__Task description__
What's needed: every entry, printed exactly, minus the images.

━━━━━━━━━━━━━━━━━━━━━━━━━━━━━━

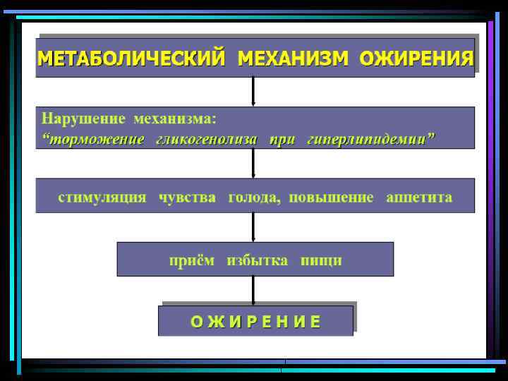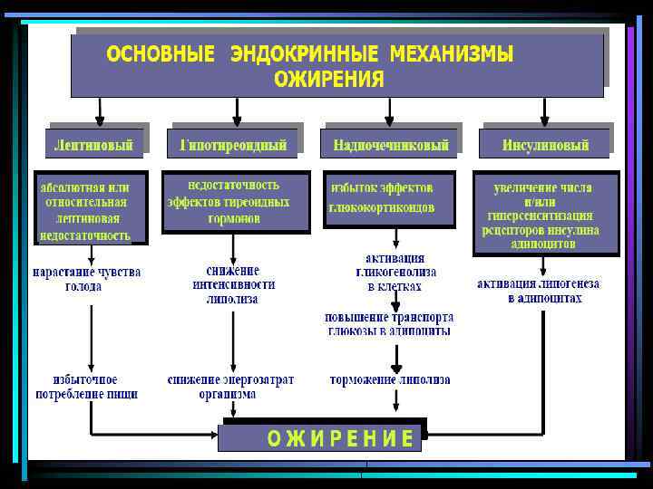 Основные звенья патогенеза ожирения Нейрогенные Центрогенный Гипоталамический Эндокринные Метаболические Лептиновый Инсулиновый Гипотиреоидный Надпочечниковый
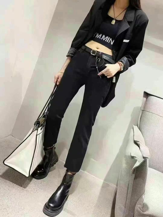 夏季新款牛仔裤女开叉纽扣时尚弹力显瘦欧货排扣九分烟管裤潮,数量95件,码...
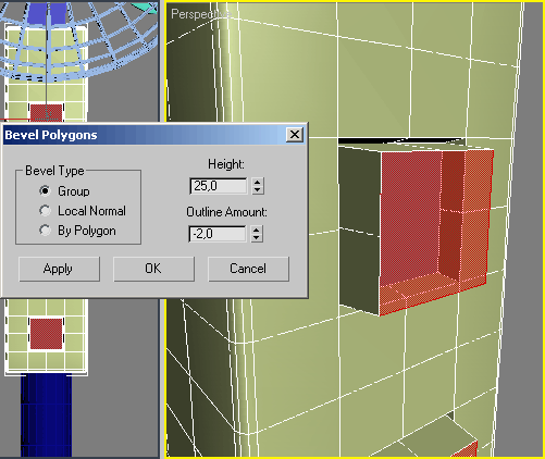 Щоб зменшити площу полігонів, з якими ми працюємо, скористаємося командою Outline (Контур). Клацніть на кнопці Settings (Настройки), розташованій праворуч від кнопки Outline (Контур) в Edit Polygons (Редагування полігонів) настройок об'єкту на командній панелі. У вікні Outline Polygons (Збільшення полігонів) встановите значення параметра Outline Amount (Величина контура) рівним -2. Скористаємося інструментом Bevel (Видавлювання з скосом) для створення кнопок. Клацніть на кнопці Settings (Настройки), розташованій праворуч від кнопки Bevel (Видавлювання з скосом) в свиті Edit Polygons (Редагування полігонів) настройок об'єкту на командній панелі. У вікні Bevel Polygons (Скіс полігонів) встановите значення параметра Height (Висота) рівним 25. В результаті коробки виглядатиме, як зображено на мал. 3.146. На цьому моделювання коробки з кнопками управління закінчено.
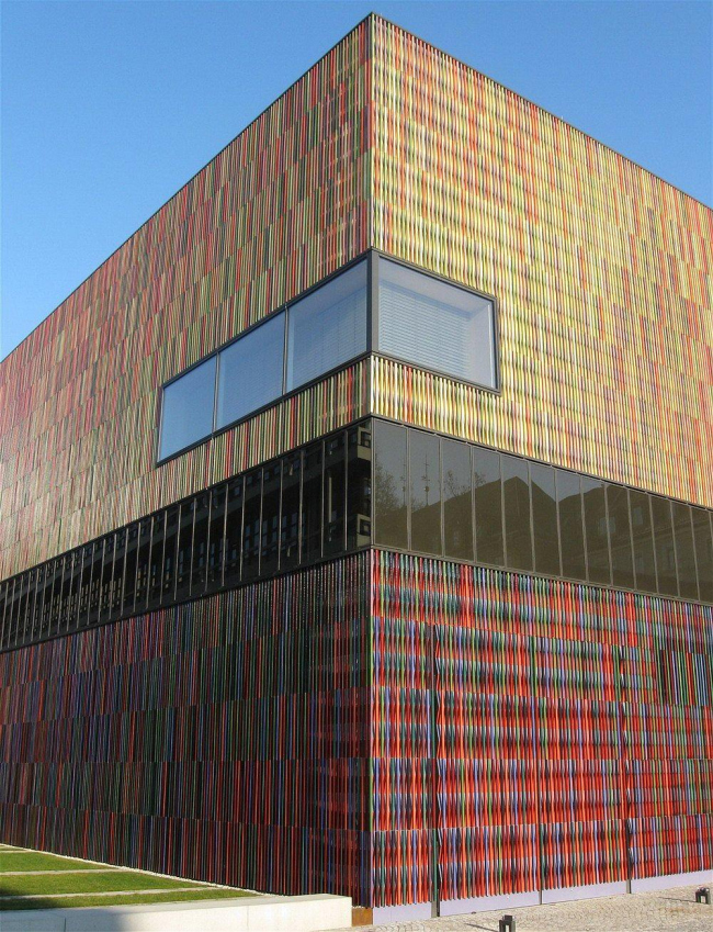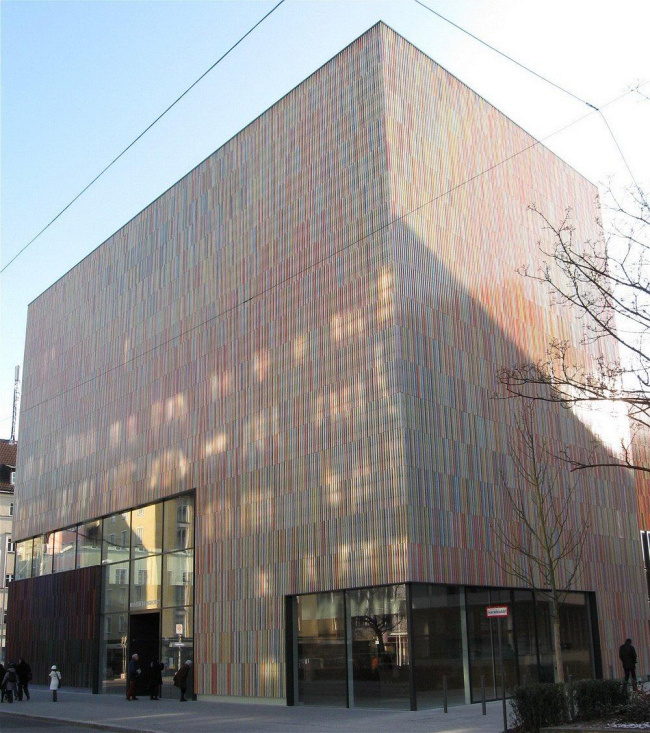 Это второе сооружение в новом «Музейном квартале» — его основу заложила Пинакотека современного искусства Штефана Браунфельса, и этому же архитектору принадлежит генплан всего комплекса. Согласно его замыслу, к длинной стороне прямоугольного блока Пинакотеки должны выстроиться торцами еще четыре музея, каждому из которых достанется узкая полоска земли длиной в ок. 100 м. Особую сложность представляет определение главного фасада любого из этих четырех зданий: из-за неудобной конфигурации участка он может быть только торцевым, но обращенным к городу или к Пинакотеке? Архитекторы повернули Музей Брандхорст (первый из четырех корпусов) лицом к городу, обратив туда его «голову» — блок шире и выше остальной части здания (в плане оно напоминает зеркально отраженную букву Г). Окружающие кварталы сохранили застройку 19 века, а прямо напротив Музея Брандхорст расположен многоквартирный жилой дом Зепа Руфа 1950-х годов. Такое окружение требовало осмотрительности в оформлении фасада, а для «Зауербрух Хаттон» характерны яркие, пестрые постройки. Выходом стало использование очень ярких составляющих (пористых металлических панелей синего и красного цветов, на которых снаружи укреплены разноцветные глазурованные керамические трубки), которые приобретают при взгляде издали почти пастельный колорит: так цвета спектра, сливаясь вместе, образуют белый цвет. Но такой сдержанный вариант был использован только для "головы" постройки: ее основной объем, вытянутый блок шириной 18 м, окрашен более насыщенно: в нижней части, скрывающей галереи второго уровня (первый ярус залов находится под землей), преобладают оттенки красного, верхняя – максимально полихромна. Всего для фасадов постройки были использованы 36 000 стержней 23 разных цветов. Внутреннее пространство, напротив, практически монохромно - белые стены и паркет из светлого дуба; также деревом обшита широкая лестница, связывающая три яруса галерей музея. Чтобы освободить площадь стен для развески работ, было решено почти полностью отказаться от окон. В то же время, даже многие залы подземного яруса получают естественное освещение через систему отражателей, направляющих его в интерьер из снабженных тканевыми фильтрами лент застекления, идущих у стыка стен и перекрытий. Помещения в корпусе-«голове» несколько отличаются от остальных: на уровне земли – это застекленный вестибюль с кафе, в подземном ярусе – самый большой зал музея площадью 460 м2, а на втором этаже – зал с закругленной стеной наподобие диорамы: он предназначен для жемчужины коллекции Брандхорст – 12 полотен серии «Лепанто» Сая Туомбли. При такой развеске зритель сможет охватить их всех одним взглядом. Всего в собрании музея – более 700 произведений современного искусства, в том числе - работы Энди Уорхола, Йозефа Бойса, Дэмиена Херста. Из-за скромного размера музейного здания единовременно удастся экспонировать менее четвертой части коллекции.Музей Брандхорст
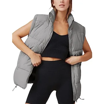 Athlisan Womens Zip Up Puffer Vest Stand Collar Sleeveless Padded Jacket Coat(Grey-S)
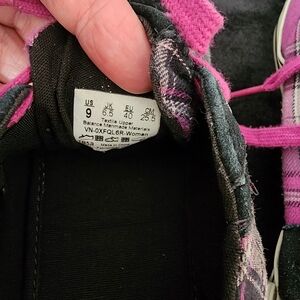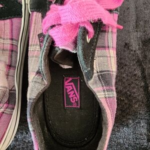 Stylish Vans athletic shoes. Features plaid pattern with vibrant pink laces. Comfortable and trendy.
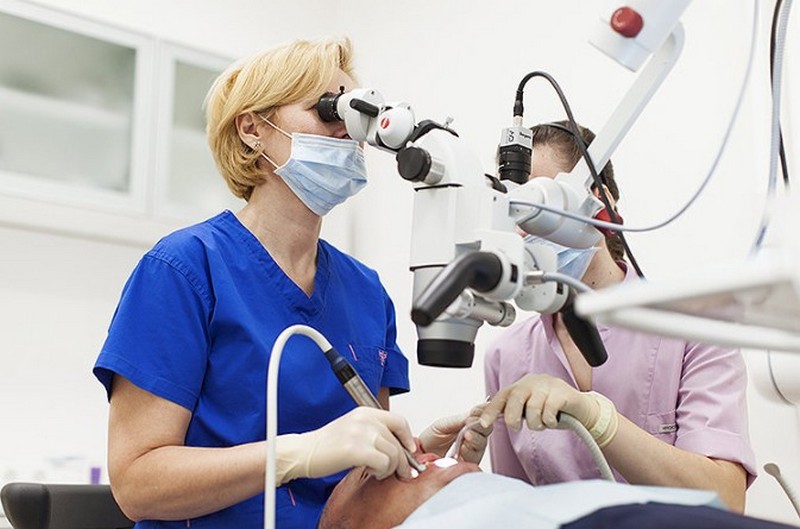 - лечение зубов под микроскопом с многократным увеличением;
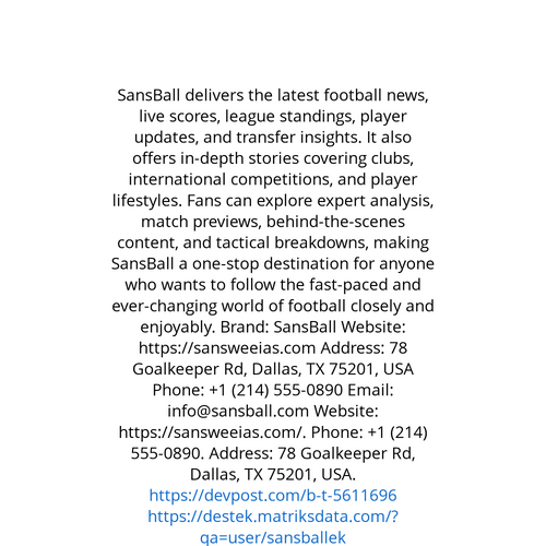Website: https://sansweeias.com/. SansBall delivers the latest football news, live scores, league standings, player updates, and transfer insights. It also offers in-depth stories covering clubs, international competitions, and player lifestyles. Fan
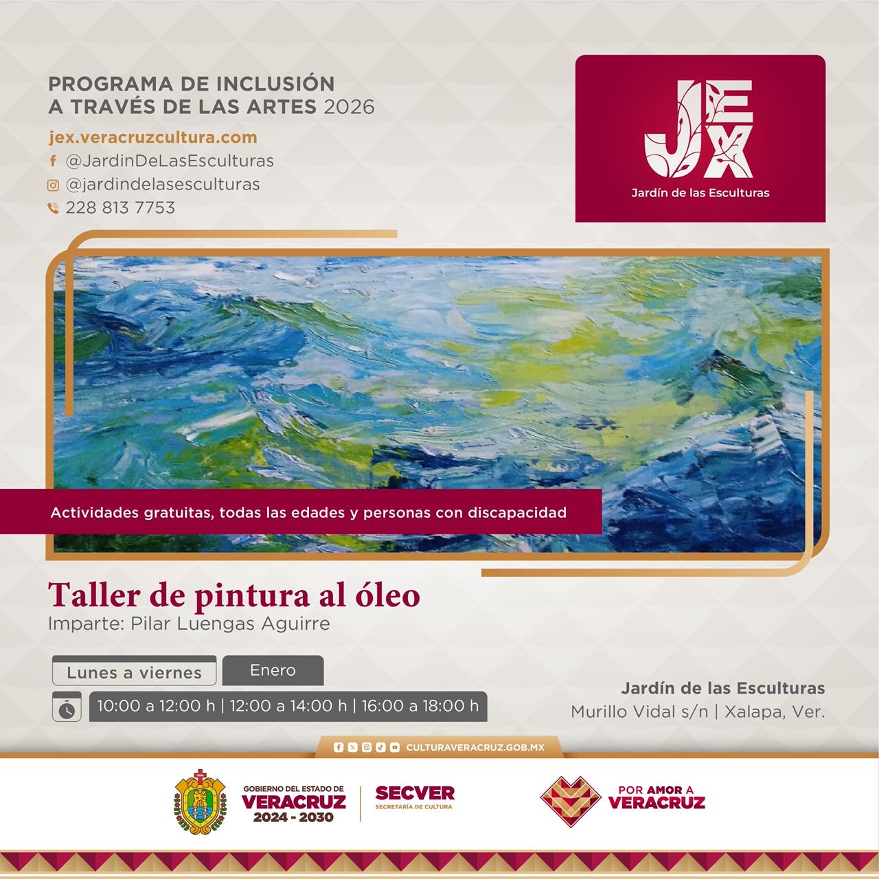 Además, ofrece talleres permanentes en el JEX, otros recintos de la SECVER y espacios de instituciones y asociaciones civiles durante todo el año. Sus actividades están dirigidas al público en general, artistas y agentes culturales interesados en adquirir herramientas para el diseño e implementación de proyectos artísticos con enfoque de inclusión social.
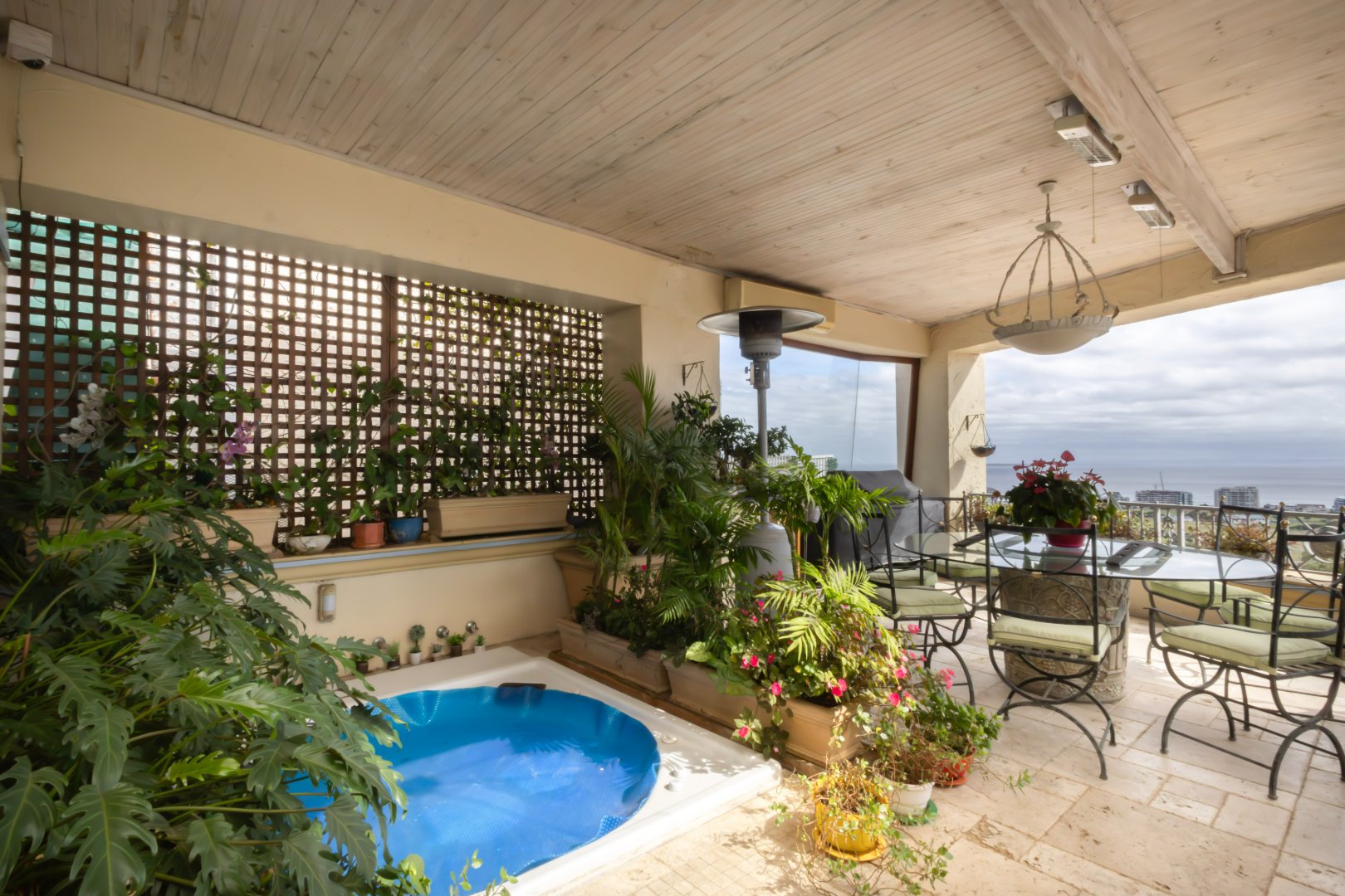 The expansive patio is an entertainer’s dream, featuring a jacuzzi and connecting effortlessly to an elevated rooftop terrace complete with a fire pit — an exceptional space for sunset gatherings, relaxed evenings, and year-round enjoyment.

━━━━━━━━━━━━━━━━━━━━━━━━━━━━━━

__Final answer__
 Основные звенья патогенеза ожирения Нейрогенные Центрогенный Гипоталамический Эндокринные Метаболические Лептиновый Инсулиновый Гипотиреоидный Надпочечниковый
 夏季新款牛仔裤女开叉纽扣时尚弹力显瘦欧货排扣九分烟管裤潮,数量95件,码...
 Щоб зменшити площу полігонів, з якими ми працюємо, скористаємося командою Outline (Контур). Клацніть на кнопці Settings (Настройки), розташованій праворуч від кнопки Outline (Контур) в Edit Polygons (Редагування полігонів) настройок об'єкту на командній панелі. У вікні Outline Polygons (Збільшення полігонів) встановите значення параметра Outline Amount (Величина контура) рівним -2. Скористаємося інструментом Bevel (Видавлювання з скосом) для створення кнопок. Клацніть на кнопці Settings (Настройки), розташованій праворуч від кнопки Bevel (Видавлювання з скосом) в свиті Edit Polygons (Редагування полігонів) настройок об'єкту на командній панелі. У вікні Bevel Polygons (Скіс полігонів) встановите значення параметра Height (Висота) рівним 25. В результаті коробки виглядатиме, як зображено на мал. 3.146. На цьому моделювання коробки з кнопками управління закінчено.
 Это второе сооружение в новом «Музейном квартале» — его основу заложила Пинакотека современного искусства Штефана Браунфельса, и этому же архитектору принадлежит генплан всего комплекса. Согласно его замыслу, к длинной стороне прямоугольного блока Пинакотеки должны выстроиться торцами еще четыре музея, каждому из которых достанется узкая полоска земли длиной в ок. 100 м. Особую сложность представляет определение главного фасада любого из этих четырех зданий: из-за неудобной конфигурации участка он может быть только торцевым, но обращенным к городу или к Пинакотеке? Архитекторы повернули Музей Брандхорст (первый из четырех корпусов) лицом к городу, обратив туда его «голову» — блок шире и выше остальной части здания (в плане оно напоминает зеркально отраженную букву Г). Окружающие кварталы сохранили застройку 19 века, а прямо напротив Музея Брандхорст расположен многоквартирный жилой дом Зепа Руфа 1950-х годов. Такое окружение требовало осмотрительности в оформлении фасада, а для «Зауербрух Хаттон» характерны яркие, пестрые постройки. Выходом стало использование очень ярких составляющих (пористых металлических панелей синего и красного цветов, на которых снаружи укреплены разноцветные глазурованные керамические трубки), которые приобретают при взгляде издали почти пастельный колорит: так цвета спектра, сливаясь вместе, образуют белый цвет. Но такой сдержанный вариант был использован только для "головы" постройки: ее основной объем, вытянутый блок шириной 18 м, окрашен более насыщенно: в нижней части, скрывающей галереи второго уровня (первый ярус залов находится под землей), преобладают оттенки красного, верхняя – максимально полихромна. Всего для фасадов постройки были использованы 36 000 стержней 23 разных цветов. Внутреннее пространство, напротив, практически монохромно - белые стены и паркет из светлого дуба; также деревом обшита широкая лестница, связывающая три яруса галерей музея. Чтобы освободить площадь стен для развески работ, было решено почти полностью отказаться от окон. В то же время, даже многие залы подземного яруса получают естественное освещение через систему отражателей, направляющих его в интерьер из снабженных тканевыми фильтрами лент застекления, идущих у стыка стен и перекрытий. Помещения в корпусе-«голове» несколько отличаются от остальных: на уровне земли – это застекленный вестибюль с кафе, в подземном ярусе – самый большой зал музея площадью 460 м2, а на втором этаже – зал с закругленной стеной наподобие диорамы: он предназначен для жемчужины коллекции Брандхорст – 12 полотен серии «Лепанто» Сая Туомбли. При такой развеске зритель сможет охватить их всех одним взглядом. Всего в собрании музея – более 700 произведений современного искусства, в том числе - работы Энди Уорхола, Йозефа Бойса, Дэмиена Херста. Из-за скромного размера музейного здания единовременно удастся экспонировать менее четвертой части коллекции.Музей Брандхорст
 Athlisan Womens Zip Up Puffer Vest Stand Collar Sleeveless Padded Jacket Coat(Grey-S)
 Stylish Vans athletic shoes. Features plaid pattern with vibrant pink laces. Comfortable and trendy.
 - лечение зубов под микроскопом с многократным увеличением;
Website: https://sansweeias.com/. SansBall delivers the latest football news, live scores, league standings, player updates, and transfer insights. It also offers in-depth stories covering clubs, international competitions, and player lifestyles. Fan
 Además, ofrece talleres permanentes en el JEX, otros recintos de la SECVER y espacios de instituciones y asociaciones civiles durante todo el año. Sus actividades están dirigidas al público en general, artistas y agentes culturales interesados en adquirir herramientas para el diseño e implementación de proyectos artísticos con enfoque de inclusión social.
 The expansive patio is an entertainer’s dream, featuring a jacuzzi and connecting effortlessly to an elevated rooftop terrace complete with a fire pit — an exceptional space for sunset gatherings, relaxed evenings, and year-round enjoyment.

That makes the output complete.